While investor expectations into the event were high, Tesla's plan to achieve 56% reduction in battery cost over the next three years came in "considerably better than anticipated, and could materially boost its volume and margin outlook," Rosner added. The analyst also increased Tesla's earnings estimates to incorporate lower battery costs and higher volumes, and said he now sees the company delivering 2M-plus vehicles and generating $15 in earnings per share by 2025. With the stock down as traders "sell the news," longer-term investors should take advantage of weakness to buy Tesla as the best way to invest in vehicle electrification, he contended.

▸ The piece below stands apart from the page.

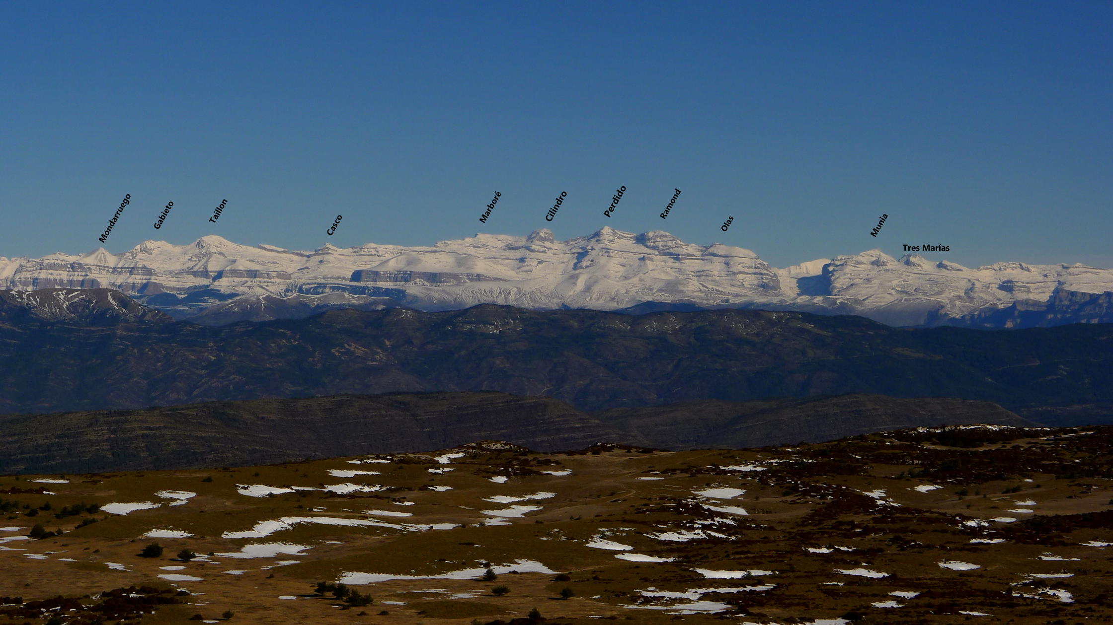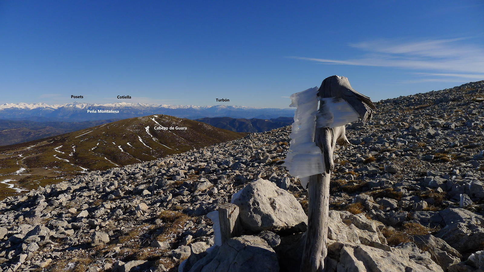 Otra cita navideña con la sierra de Guara. Pensaba que el día iba a ser ventoso y que nos iba a hacer dura la subida, sobre todo en la cresta, donde el viento norte azota con fuerza y te deja helado; al amanecer, con -5º, empezó a soplar confirmando mis pronósticos, pero por suerte fue amainando y tuvimos un día espléndido en la cumbre.

'MATURING' IPHONE GROWTH: UBS analyst David Vogt downgraded Apple (AAPL) to Neutral from Buy with a price target of $115, up from $106, after assuming coverage of the name. Services revenue has increased at a rate of 23% per year over the past four years, but "product" revenue has grown in the low single digits as iPhone, Mac, and iPad have struggled, the analyst told investors in a research note. Vogt also warned that following a COVID-related one-time bump in Macs/iPads and a one-year iPhone 12 cycle, in fiscal year 2021, "product" revenue should revert back to low-single digit growth over the next three years. The analyst further stated that with valuation of 29-times his expected next-12-month earnings and 1.5-standard deviations above trailing 1-year mean, Apple shares already price in the 5G cycle-related growth.

Additionally, the analyst also assumed coverage of

  • HP Inc. (HPQ) with a Buy rating, up from Neutral;
  • Dell Technologies (DELL) with a Buy, up from Neutral;
  • Arista Networks (ANET) with a Buy rating;
  • Accenture (ACN) with a Neutral rating;
  • Juniper Networks (JNPR) with a Neutral rating;
  • IBM (IBM) with a Neutral rating;
  • Cisco Systems (CSCO) with a Neutral rating;
  • HP Enterprise (HPE) with a Neutral rating.

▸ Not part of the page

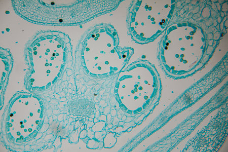 Cross sections of plant stem under microscope view
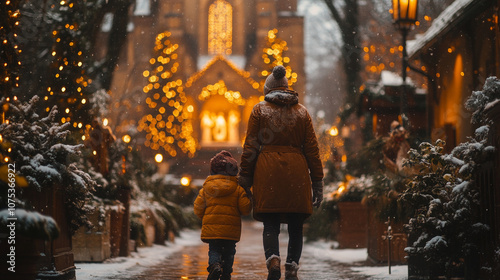 Mother and child walking through festive winter wonderland at night

BETTER THAN EXPECTED QUARTERLY RESULTS: Deutsche Bank analyst Paul Trussell upgraded Nike (NKE) to Buy from Hold with a price target of $151, up from $107, following better than expected first quarter results. Near-term concerns regarding elevated inventory levels in the channel and reduced orders from wholesale partners have not played out, Trussell told investors in a research note. The analyst believes Nike is a better, more profitable company today than it was a year ago and "there is quite a short list of entities that have been able to achieve that." He believes the case can be made for $6 in earnings per share by 2025.

BUY TWITTER: Pivotal Research analyst Michael Levine upgraded Twitter (TWTR) to Buy from Hold with a price target of $59.75, up from $36. The analyst likes the Olympics coming in 2021, direct response beginning to kick in, and Twitter's potential subscription business. The company's third quarter earnings report and forward commentary are likely to act as positive catalysts for the stock, Levine told investors in a research note. In addition, the analyst pointed out that investor sentiment is "by far the most negative in our coverage" and as a result, the "rubber band for stock out-performance the greatest." Levine believes the changes Twitter has made around the process of onboarding new users over the last few months has meaningfully improved.

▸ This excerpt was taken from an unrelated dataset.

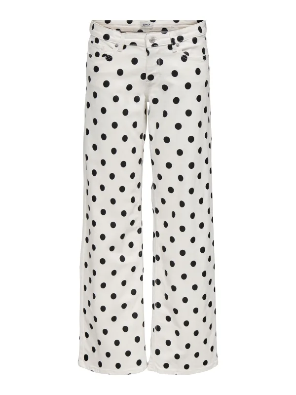 Design: Placket, 5-pocket-style, Zakken aan de zijkant; Materiaal: Denim; Motief: Gestippeld; Extra's: All-over patroon, Riemlussen; Wassing: Raw/unwashed; Lengte: Lang/maxi; Pasvorm: Wide leg; Taillehoogte: Mid waist
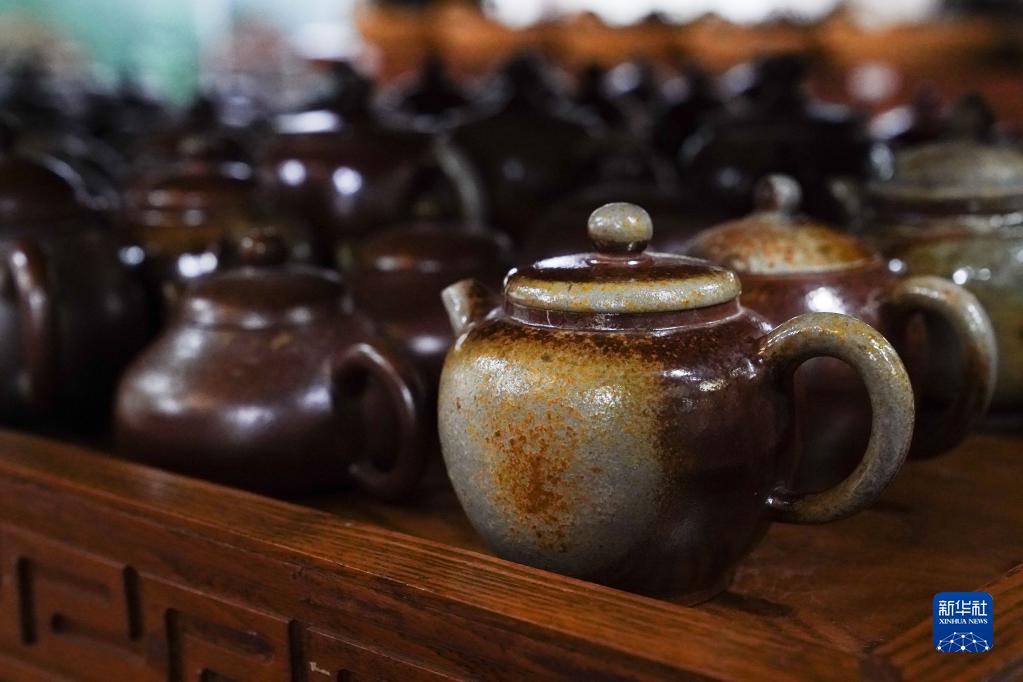 這是4月11日在廣西欽州市承坭齋拍攝的坭興陶制品。

SELL AMERICAN EXPRESS: Bank of America analyst Mihir Bhatia downgraded American Express (AXP) to Underperform from Neutral with a decreased $95 price target, citing concerns about near-to-medium term billing volumes, particularly from airline and lodging spending. While the analyst has been impressed by AmEx's execution and resilience during COVID-19, the firm's global travel survey and industry commentary indicate that travel spending could take some time to fully recover.